Start a new project from the library¶
- Select Library on the top left.
Locate the dataset you uploaded and click Create Project.
In the Start a new Project dialog, enter the project Name and an optional Description.
Start a new project from the Projects page¶
Rather than starting a project from the library, you can instead start from the Projects page:
- Select Projects on the top left.
On the top of the Library page, click + add.
Enter the project Name and an optional Description.
Click Save and Open.
Prep your data¶
Once you have started your project, you can begin prepping your data on the project preparation page.
Use the project Tools bar on the left to clean and transform your data:
See Work with project tools for detailed instructions.
Select the menu at the top of each column to apply column operations:
See Work with column data for detailed instructions.
To view, rearrange, and mute your data prep steps, you can use the Steps tool:
See Work with steps for detailed instructions.
Publish an AnswerSet¶
When you're ready to save and share the data you prepped, you can publish it to the library as an AnswerSet. An AnswerSet is like a dataset but it is the published result of your data prep. Once published, you can reuse the AnswerSet in other projects or export the AnswerSet to share with other applications.
To publish an AnswerSet for a project:
Click steps in the Tools bar.
The Steps pane opens.
Click the step you want to publish an AnswerSet from.
Data Prep defaults to the last step in the project, which is the step at the top.
At the top of the Steps pane, click Publish.
The Publish AnswerSet to Library window appears.
Enter a name for the AnswerSet in the Name field and an optional Description, then click Publish.
Data Prep publishes the AnswerSet to the library.

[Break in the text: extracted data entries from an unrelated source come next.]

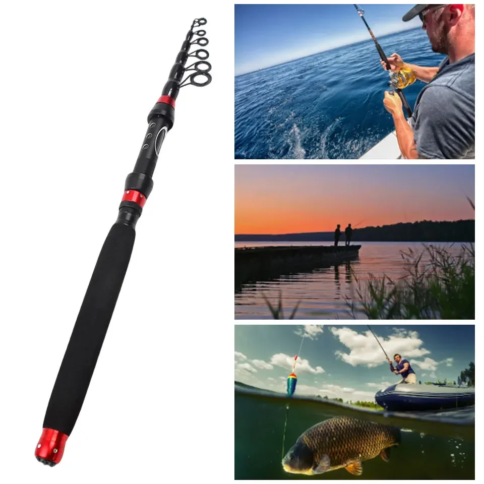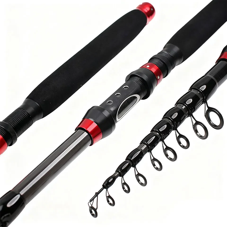 Caña de señuelo telescópica de carbono, compacta, portátil, fundida precisa con láser, agua dulce y salada, universal, pesca en movimiento
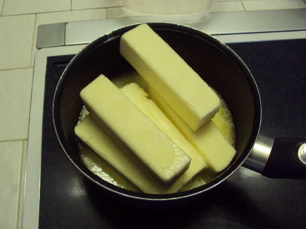 1. derretir la mantequilla pero no lo consigo demasiado caliente, que si es así, debe dejarlo enfriar antes de agregarlo para que no mata la levadura. Sólo mantenerlo el tiempo suficiente para conseguirlo derretido.
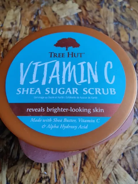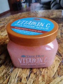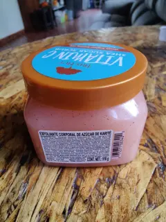 Delicioso exfoliante corporal hecho de manteca de karité, vitamina C y alfa hidroxiacido. Revela tu piel con un aspecto más brillante. Tarro grande de 510 grs. Importado
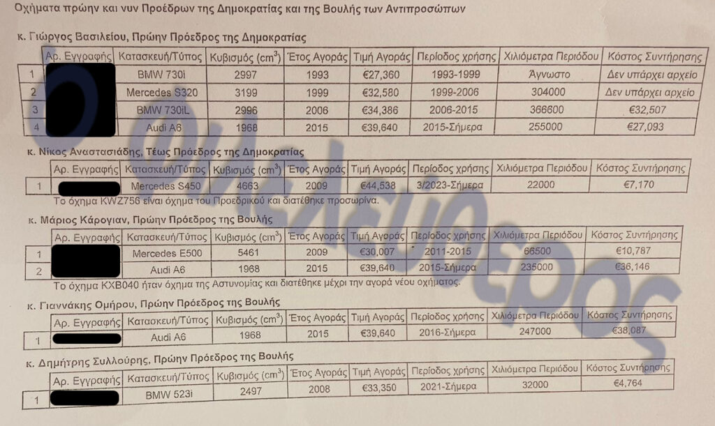 Σε ό,τι αφορά τα ποσά που έχουν δαπανηθεί για αγορά και συντήρηση οχημάτων που χρησιμοποιούν οι εν λόγω πρώην αξιωματούχοι, το συνολικό ποσό ανέρχεται στις 477.695 ευρώ. Θα πρέπει βέβαια να διευκρινιστεί ότι το αυτοκίνητο που χρησιμοποιεί ο Νίκος Αναστασιάδης (€44.538) ανήκει στο Προεδρικό και του διατέθηκε προσωρινά. Το δε πρώτο όχημα που χρησιμοποιούσε ο κ. Καρογιάν (€30.007) ήταν της Αστυνομίας και διατέθηκε μέχρι να αγοράσει νέο αυτοκίνητο.
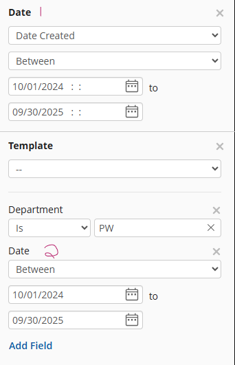 I have a template that has fields for Date and Department, among others. Two users were attempting to perform a search in the Web Client filtering to the built-in Date field with Created (1) between 10/1/2024 - 09/30/2025 and selecting different Department options. Searches for most of the Departments worked perfectly, but there were two that spun the search box indefinitely. I can do the exact same search and retrieve results immediately, even across VPN. When I had the problem users switch to using the template's Date field (2) instead it works normally.
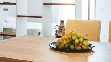 Ferienwohnung bietet Platz für 5 Gäste. Die Betten sind in Schlafzimmern, die es 1 gibt, und in Wohnzimmer, innerhalb einer Gesamtfläche von 46m2, angeordnet. Die Gäste haben einen eigenen Balkon zur Verfügung, auf der sie in warmen Sommernächten genießen können. Das Apartment bietet Meerblick. Es ist erlaubt, Speisen auf dem Gemeinschafts-Grill vorzubereiten. Die reservierte Unterkunftseinheit verfügt über einen gemeinsame Terrasse.
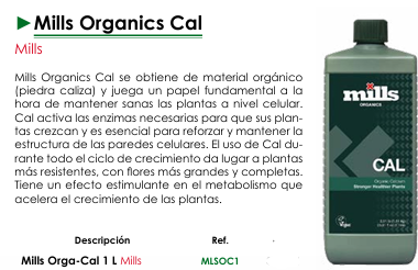 - Compatibilidad: Mills Organics Cal es compatible con otros nutrientes y aditivos orgánicos de la gama Mills obteniendo crear un programa de nutrición completo y equilibrado.

The "Publishing AnswerSet" message appears.
Click Show in Library to view the AnswerSet in the library.
The AnswerSet includes the steps up to and including the step you selected.
Export your prepped data¶
You can export datasets and AnswerSets locally or to a connected data source. These steps show how to download a local copy of a previously published AnswerSet.
On the Library page, hover your mouse over the AnswerSet you want to export and click Export.
In the Exporting page, click Download locally.
In the Export Settings page, click Export.
The AnswerSet is downloaded to your computer as a CSV file. The Export Logs page appears.
See Export datasets for details.